Set every line of the data down again exactly, and keep the pictures out.
*** Opening of GIVEN DATA ***
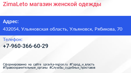 ZimaLeto, магазин женской одежды по адресу 432054, Ульяновская область, Ульяновск, Рябикова, 70 в дальнейшем Организация, размещена в следующих категориях:
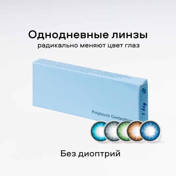 Цветные линзы — это разновидность контактной коррекции, которая позволяет одновременно корригировать зрение, а также менять или усиливать натуральный оттенок радужки. Распространённое убеждение, что ношение цветных линз опасно для глаз, не соответствует действительности. Современные модели изготовлены из безопасных материалов, а цветные пигменты встроены внутрь полимерного материала линзы и не контактируют с роговицей глаза. Поэтому можете быть спокойны, линзы абсолютно безопасны, но требуют соблюдения правил ношения и хранения — если они плановой замены.
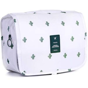 LAKIBOLE Toiletry Bag Multifunction Cosmetic Bag Portable Makeup Pouch Waterproof Travel Hanging Organizer Bag for Women Girls (Cactus&White)
*** Close of GIVEN DATA ***
## [RESULT OF THIS TASK]
 ZimaLeto, магазин женской одежды по адресу 432054, Ульяновская область, Ульяновск, Рябикова, 70 в дальнейшем Организация, размещена в следующих категориях:
 Цветные линзы — это разновидность контактной коррекции, которая позволяет одновременно корригировать зрение, а также менять или усиливать натуральный оттенок радужки. Распространённое убеждение, что ношение цветных линз опасно для глаз, не соответствует действительности. Современные модели изготовлены из безопасных материалов, а цветные пигменты встроены внутрь полимерного материала линзы и не контактируют с роговицей глаза. Поэтому можете быть спокойны, линзы абсолютно безопасны, но требуют соблюдения правил ношения и хранения — если они плановой замены.
 LAKIBOLE Toiletry Bag Multifunction Cosmetic Bag Portable Makeup Pouch Waterproof Travel Hanging Organizer Bag for Women Girls (Cactus&White)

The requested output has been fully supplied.